Problem description: Stop at the line containing "Пример: списание ОС": write out every line from the beginning of the entries up to and including it, minus the pictures.

[Stored items]
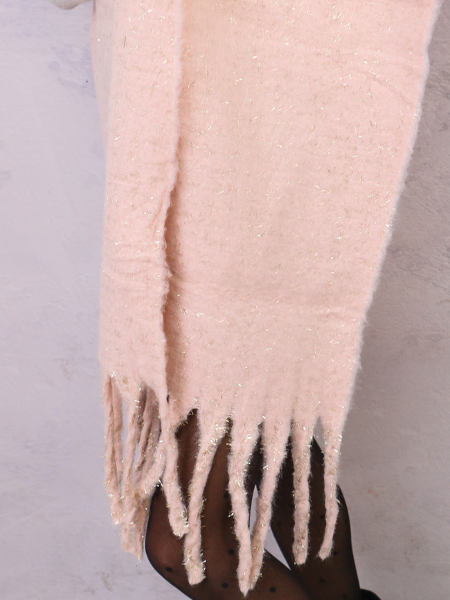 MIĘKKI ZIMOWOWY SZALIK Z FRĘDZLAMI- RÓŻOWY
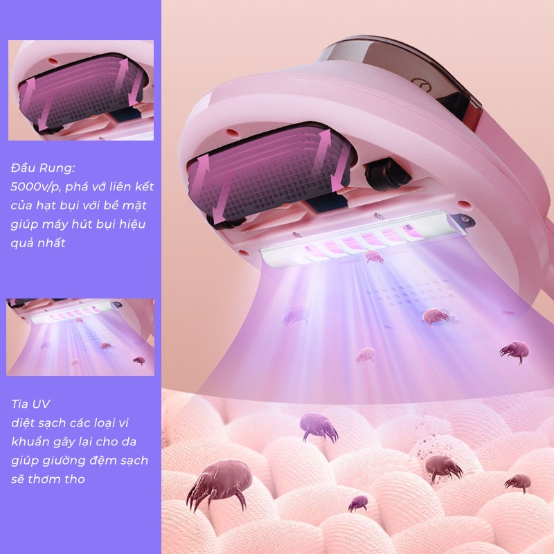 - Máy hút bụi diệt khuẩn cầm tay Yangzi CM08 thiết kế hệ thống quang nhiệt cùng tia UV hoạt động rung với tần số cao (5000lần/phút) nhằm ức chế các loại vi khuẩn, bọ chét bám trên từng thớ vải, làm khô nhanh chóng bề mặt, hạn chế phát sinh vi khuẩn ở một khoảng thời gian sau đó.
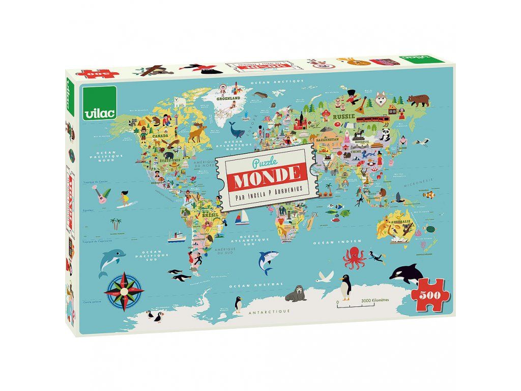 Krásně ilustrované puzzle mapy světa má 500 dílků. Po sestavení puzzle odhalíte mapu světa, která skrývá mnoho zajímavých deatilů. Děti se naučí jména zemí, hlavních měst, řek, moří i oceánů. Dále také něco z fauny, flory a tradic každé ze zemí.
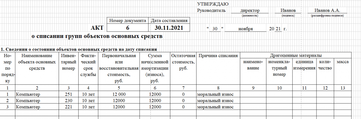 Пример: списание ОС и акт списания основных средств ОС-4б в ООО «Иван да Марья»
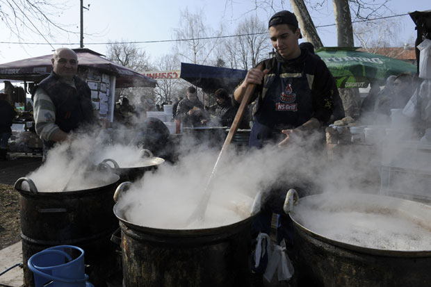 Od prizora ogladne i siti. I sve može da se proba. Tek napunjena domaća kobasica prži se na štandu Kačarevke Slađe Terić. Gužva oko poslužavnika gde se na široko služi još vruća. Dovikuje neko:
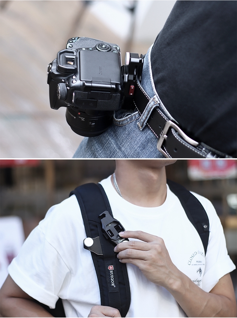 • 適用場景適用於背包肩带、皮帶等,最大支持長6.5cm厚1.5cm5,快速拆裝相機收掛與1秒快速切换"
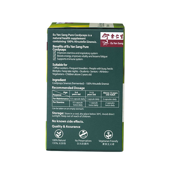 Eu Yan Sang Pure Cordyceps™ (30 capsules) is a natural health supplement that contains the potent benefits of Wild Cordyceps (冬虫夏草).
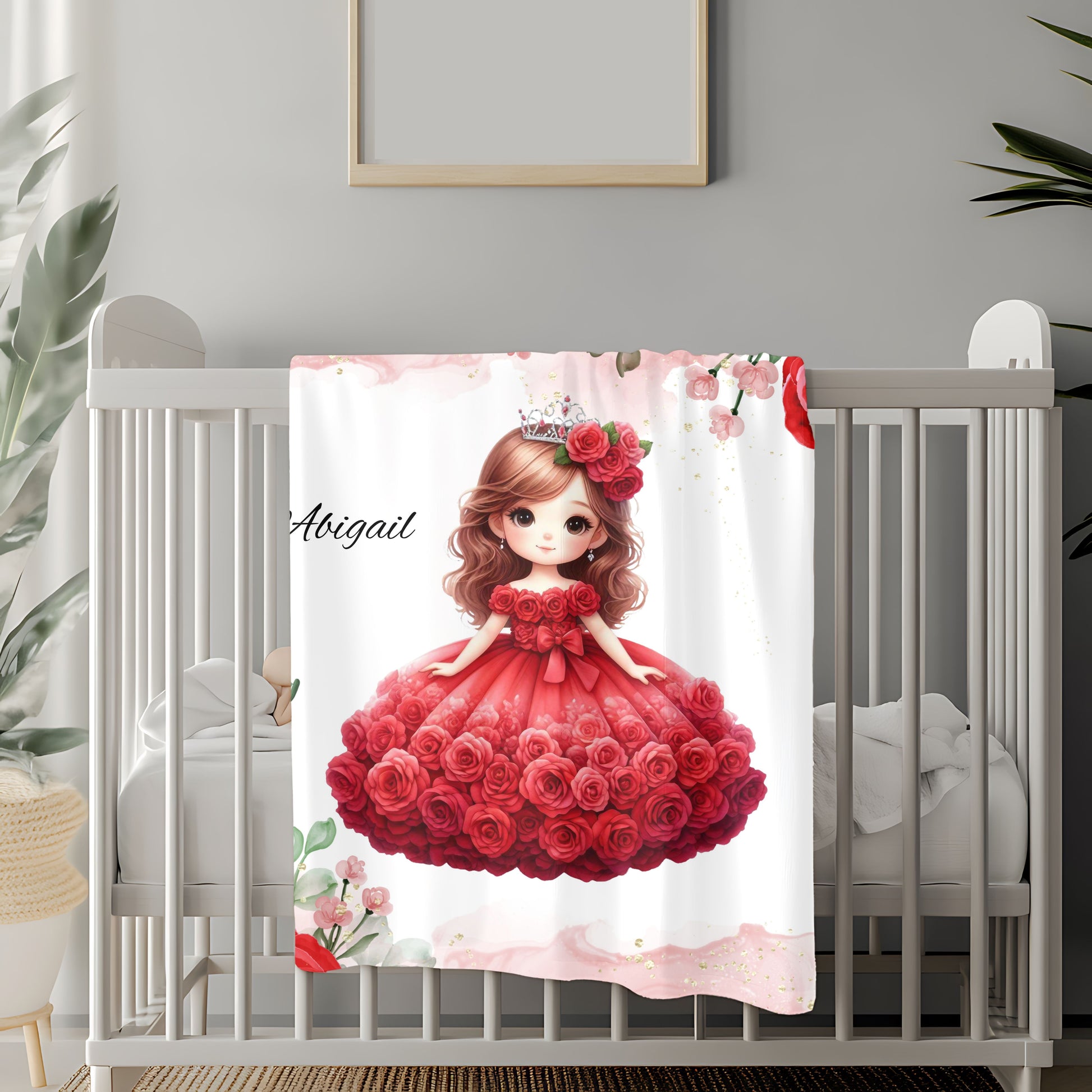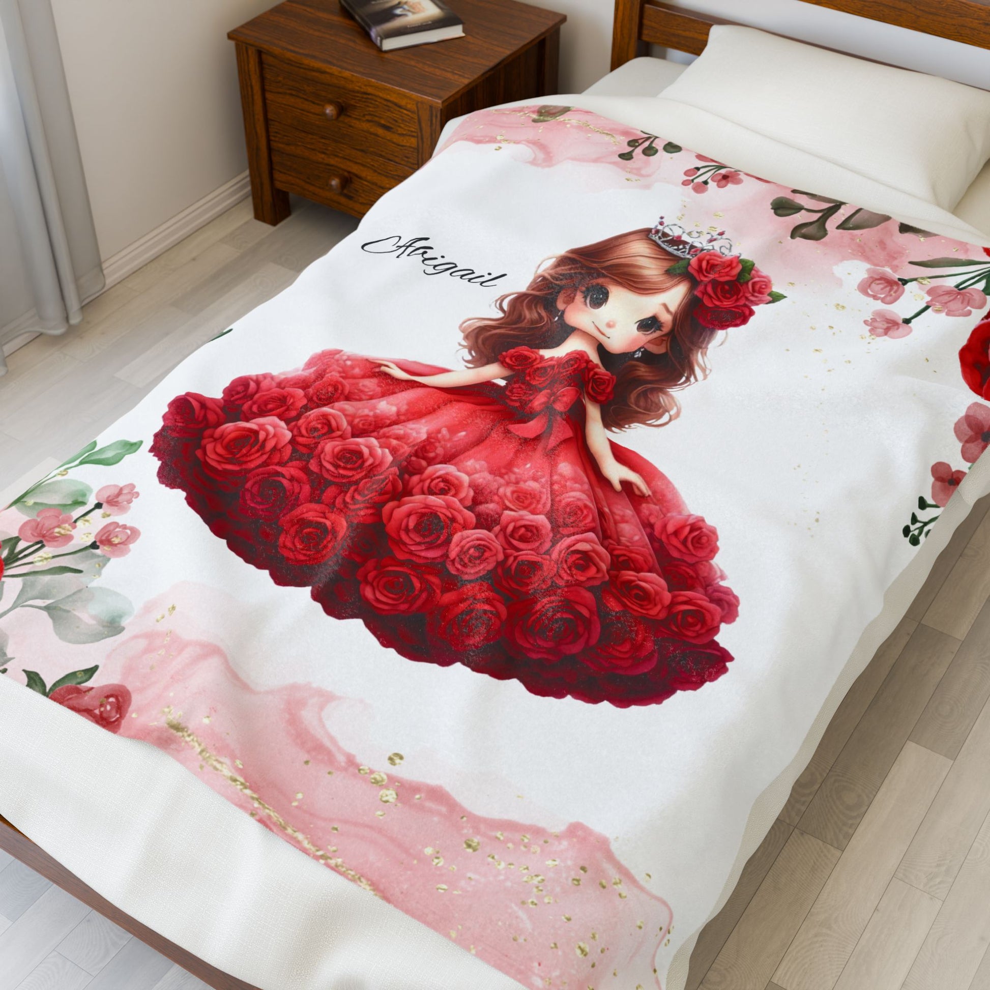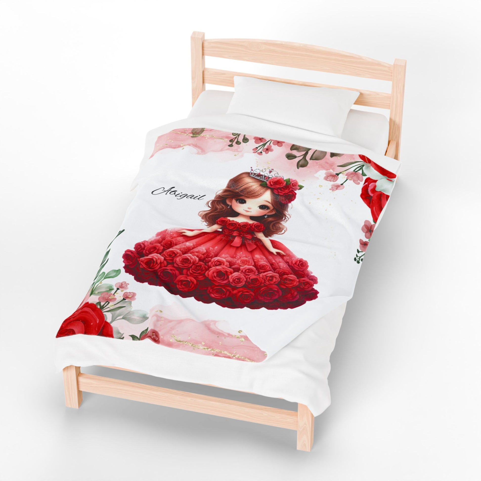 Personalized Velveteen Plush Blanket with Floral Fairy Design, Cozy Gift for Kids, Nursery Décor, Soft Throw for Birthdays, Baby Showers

Reply to the task:
 MIĘKKI ZIMOWOWY SZALIK Z FRĘDZLAMI- RÓŻOWY
 - Máy hút bụi diệt khuẩn cầm tay Yangzi CM08 thiết kế hệ thống quang nhiệt cùng tia UV hoạt động rung với tần số cao (5000lần/phút) nhằm ức chế các loại vi khuẩn, bọ chét bám trên từng thớ vải, làm khô nhanh chóng bề mặt, hạn chế phát sinh vi khuẩn ở một khoảng thời gian sau đó.
 Krásně ilustrované puzzle mapy světa má 500 dílků. Po sestavení puzzle odhalíte mapu světa, která skrývá mnoho zajímavých deatilů. Děti se naučí jména zemí, hlavních měst, řek, moří i oceánů. Dále také něco z fauny, flory a tradic každé ze zemí.
 Пример: списание ОС и акт списания основных средств ОС-4б в ООО «Иван да Марья»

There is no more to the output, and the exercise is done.